Thursday, July 12, 2012

One-half turned away in “summer squeeze”: LAUSD OFFERS LIMITED SUMMER SCHOOL CLASSES

By Barbara Jones, Staff Writer | LA Daily News |

Lamarr Brown Stevens distributes math and history books on the first day of summer school at Canoga Park High School on July 9, 2012. (David Crane/Staff Photographer)

7/09/2012 05:41:20 PM PDT/ Updated:   07/09/2012 06:19:33 PM PDTA line of students snaked out the door of the Canoga Park High School attendance office Monday morning, with scores of teens hoping to get a seat in Los Angeles Unified's smallest-ever summer school program. | See photo gallery.

It was the start of the four-week session, but any first-day cheer was tempered by the grim reality of 10,000 students scrambling for just 5,000 slots in the district's drastically scaled-back summer program.

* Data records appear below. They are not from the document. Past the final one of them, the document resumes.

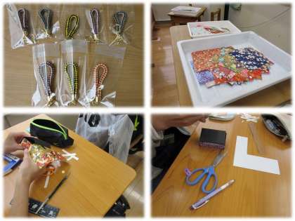 洛風中では、1・2年生が3年生にストラップを作成しています。
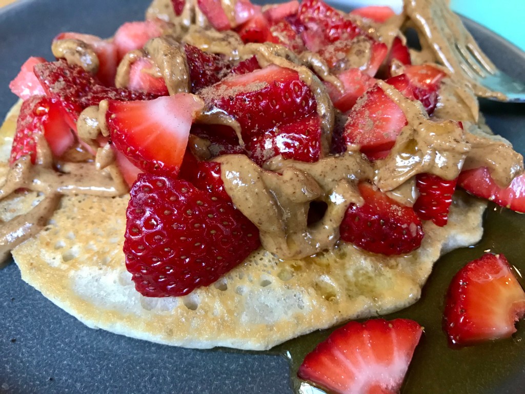 Paleo Vegan Pancakes >> The Real Food Dietitians >> I stumbled upon this one while doing a search for “grain-free vegan pancakes” and ended up pleasantly surprised. If you’re looking for fat, fluffy pancakes, this one isn’t for you. But if you’re looking for a recipe with minimal ingredients that’s easy to whip up, then here you go! We loved the flavor and texture of these, and they reminded me a little of crepes. I loaded mine with fresh strawberries and a generous drizzle of almond butter.
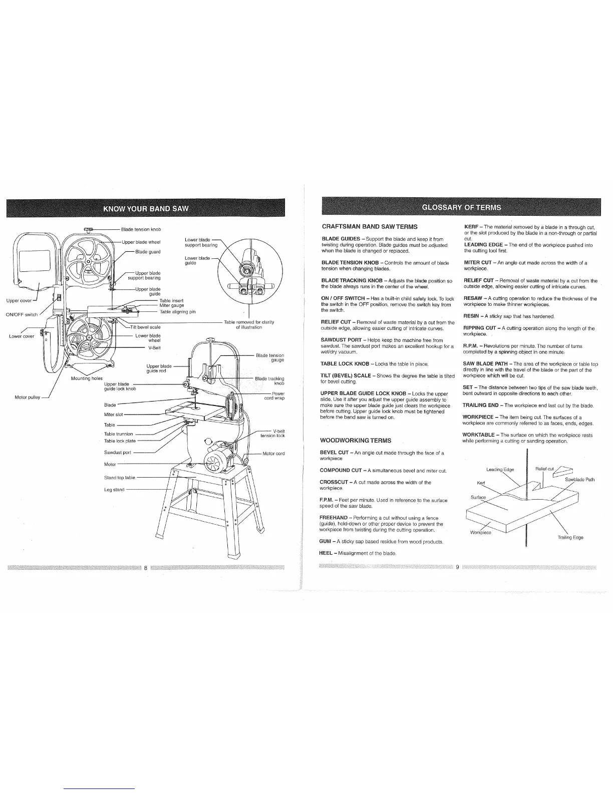 CRAFTSMAN BAND SAW TERMS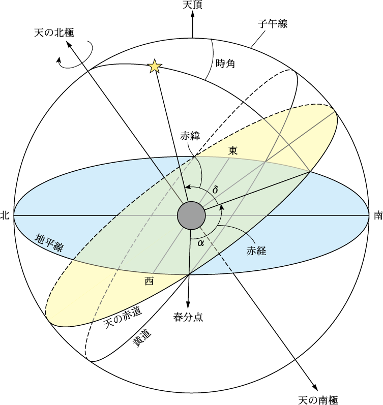 地球は自転しながら太陽の周りを公転している。地球の赤道面が天球と交わる線が天の赤道である。太陽の周りを回る地球の軌道面を黄道面といい、それが天球と交わる線が黄道である。地球の自転軸(地軸)は黄道面に垂直な方向に対して約23.4度傾いているので、天球上で黄道と天の赤道は約23.4度傾いている(図1)。

"We're trying to squeeze in as many as we can," Assistant Superintendent Alvaro Cortes said. "Almost every class has from the high 30s to the low 40s as far as the number of students enrolled."

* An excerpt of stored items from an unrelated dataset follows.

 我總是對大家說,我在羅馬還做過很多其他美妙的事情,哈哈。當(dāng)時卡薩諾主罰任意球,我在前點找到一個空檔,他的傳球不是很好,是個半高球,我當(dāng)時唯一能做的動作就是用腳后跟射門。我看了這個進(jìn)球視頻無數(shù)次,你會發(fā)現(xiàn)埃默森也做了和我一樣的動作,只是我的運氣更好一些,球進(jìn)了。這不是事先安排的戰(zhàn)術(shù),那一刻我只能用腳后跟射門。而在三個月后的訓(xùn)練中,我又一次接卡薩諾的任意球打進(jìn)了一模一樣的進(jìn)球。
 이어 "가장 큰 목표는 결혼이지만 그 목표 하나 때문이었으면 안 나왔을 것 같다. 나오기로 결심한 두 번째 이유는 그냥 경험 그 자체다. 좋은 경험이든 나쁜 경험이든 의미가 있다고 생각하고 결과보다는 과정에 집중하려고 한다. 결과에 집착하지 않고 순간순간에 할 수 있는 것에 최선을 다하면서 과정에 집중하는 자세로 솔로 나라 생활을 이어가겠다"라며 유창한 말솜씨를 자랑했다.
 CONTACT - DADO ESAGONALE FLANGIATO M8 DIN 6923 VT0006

Canoga Park students Samara Vasquez, left, and Veronica Hernandez opted to take summer school because they say it has fewer distractions than the regular school year. (David Crane/Staff Photographer)

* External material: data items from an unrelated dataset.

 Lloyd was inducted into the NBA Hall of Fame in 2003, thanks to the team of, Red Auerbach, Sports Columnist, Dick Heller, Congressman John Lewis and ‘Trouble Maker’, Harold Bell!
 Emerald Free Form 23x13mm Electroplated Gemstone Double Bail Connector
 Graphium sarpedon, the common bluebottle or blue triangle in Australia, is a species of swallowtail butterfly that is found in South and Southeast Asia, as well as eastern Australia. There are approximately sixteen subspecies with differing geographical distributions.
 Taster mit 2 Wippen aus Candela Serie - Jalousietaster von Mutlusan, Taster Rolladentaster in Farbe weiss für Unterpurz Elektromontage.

With a bare-bones budget of $1 million, the district's Beyond the Bell branch is offering summer school at only 16 of its high schools. Classes are limited to core subjects and enrollment to failing students - seniors get priority - who need to make up credits to graduate.

Friends Veronica Hernandez and Samara Vasquez, both 16, weren't thrilled at the prospect of spending the summer studying rather than relaxing, but figured there would be fewer distractions than during a traditional school year.

"I'm really hoping it's going to be simpler," Hernandez said of her math class.

Brianna Rojas, 15, found herself at the end of a long line as she arrived at Canoga Park High about 8 a.m., hoping to enroll in a history or English class.

"I need these classes for credit recovery," she said. "I don't know what I'll do if I don't get in."

But half of the 10 classes on the Canoga Park roster - core subjects like health, English, math and U.S. and world history - were already full by the time Rojas arrived.

"In past years, we'd ask students what they needed and would create the classes," said Judy Vanderbok, the principal for Canoga Park High's summer school program.

"This year, we were told what we'd be offering.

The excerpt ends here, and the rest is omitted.